An Alternative Architecture for Real-Time Analytics
What is real-time analytics
Real-time analytics refers to the process of analyzing data as it is generated or received, enabling instant or near-instant insights and decision-making. It contrasts with traditional batch processing, where data is collected over a period of time and analyzed later. The core requirements of real-time analytics is access to fresh data and fast queries.
Key Aspects of Real-time Analytics :
Low latency Data ingestion : Data latency is a measure of the time from when data is generated to when it is queryable. There is usually a time lag between when the data is produced and when it is available to query. Real-time systems are designed to minimize that time lag.
Continuous Data Processing: Real-time analytics often deals with continuous streams of data from sources like IoT devices, transaction systems, or web applications.
Low Query Latency : Query latency is the time required to execute a query and return a result.
Traditional way of data processing is used batch to reprocess historical data and stream processing is used to process recent updates.The lambada architecture to combine the two.
The core idea of the lambada architecture is the stream processor consumes the event and quickly produces an approximate update to the view and the batch processor later consumes the same set of events and produce a corrected version of derived view.
Most processing in the Lambda architecture happens in the pipeline and not at query time. As most of the complex business logic is tied to the pipeline software, the application developer is unable to make quick changes to the application.
Aggregator/Leaf/Tailer pattern
The Aggregator/Leaf/Tailer pattern architecture addresses these shortcomings of Lambda architectures. The key component of Aggregator/Leaf/Tailer is a high-performance serving layer that serves complex queries, and not just key-value lookups. The existence of this serving layer obviates the need for complex data pipelines.
This approach allows us to separate the compute from durability and storage. The durability of non-indexed data is provided by Distributed log store (Kafka), and the storage for indexed data is provided by shared storage (S3).
Tailer : The Tailer pulls new incoming data from a static or streaming source into an indexing engine. Its job is to fetch from all data sources.
Leaf: The Leaf is a powerful indexing engine. It indexes all data as and when it arrives via the Tailer.The goal of indexing is to make any query on any data field fast.
Aggregator: The Aggregator tier is designed to deliver low-latency aggregations, be it columnar aggregations, joins, relevance sorting, or grouping.
Comparison with Lambda architecture
For our discussion we will consider Apache Druid which is implementing Lambda architecture .
Separation of Ingest Compute and Query Compute
The Druid architecture employs nodes called data servers that are used for both ingestion and queries.

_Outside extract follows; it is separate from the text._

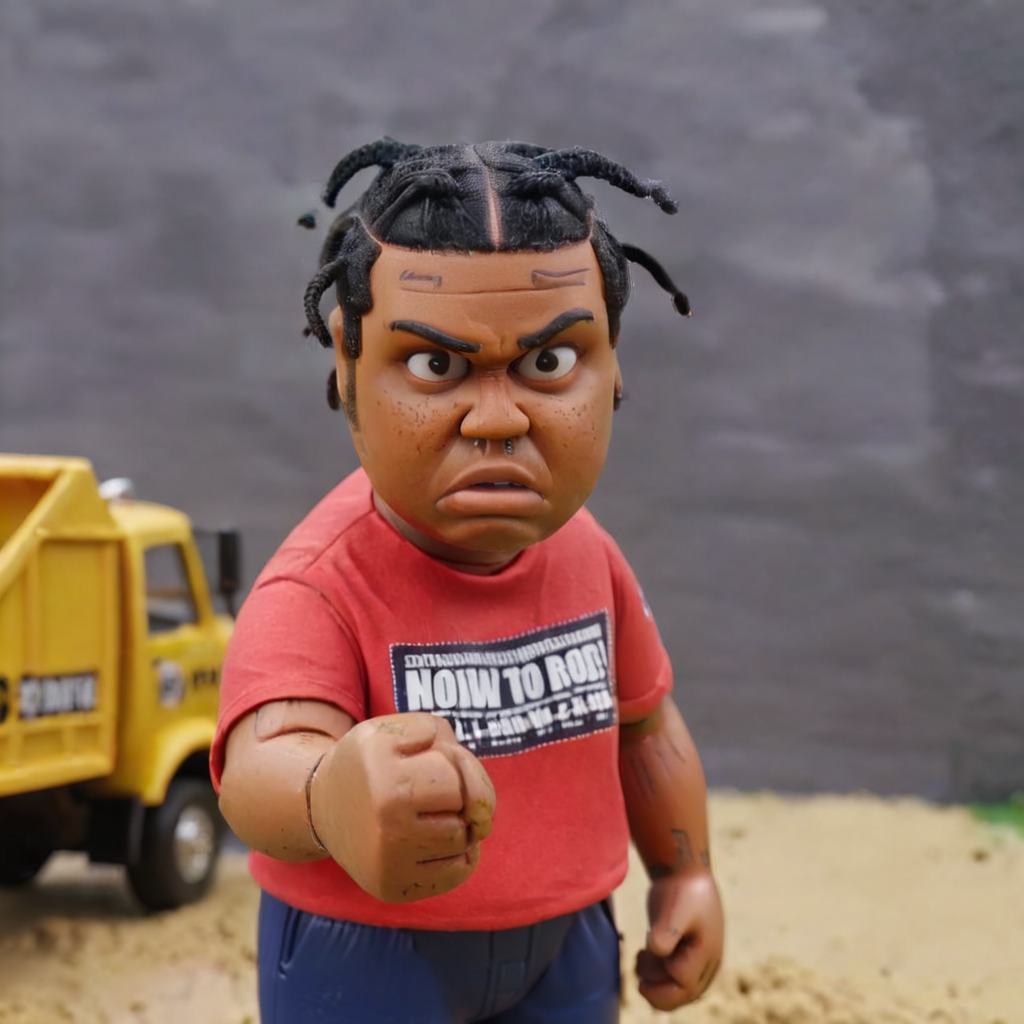 <lora:Clay Animation:1> clay, animation, claymation <lora:mkybrxl:1> mkybr, male focus, 1boy, dark-skinned male, small braids sticking out on head, photo background fat black man, with a dump truck behind him, truck has logo that says "trauma Dump"1man standing next to 1 man

In this design, high ingestion or query load can cause CPU and memory contention. For instance, a spike in ingestion workload can negatively impact query latencies.
In Aggregator Leaf Tailer architecture Tailers fetch new data from data sources, Leaves index and store the data and Aggregators execute queries in distributed fashion.Keeping compute resources separate between ingestion and queries, and allowing each to be scaled independently.The system can scales Tailers when there is more data to ingest and scales Aggregators when the number or complexity of queries increases. As a result, the system provides consistent query latencies even under periods of high ingestion loads.
Separation of Compute and Storage
Druid does not decouple compute and storage but combines them for performance reasons. Queries must be routed to the node on which the data resides and are limited by the compute resources on that node for execution. This means that query performance is closely tied to the fixed ratio of compute to storage on Druid nodes.
Aggregator Leaf Tailer architecture adds Leaves when there is more data to be managed and scales Aggregators when the query workload increases. Aggregator resources are not tied to where the data is located, so users can simply add compute as needed, without having to move to different hardware instances or change the distribution of data. The ability to share available compute across queries, regardless of where data is stored, also allows for more efficient utilization of resources.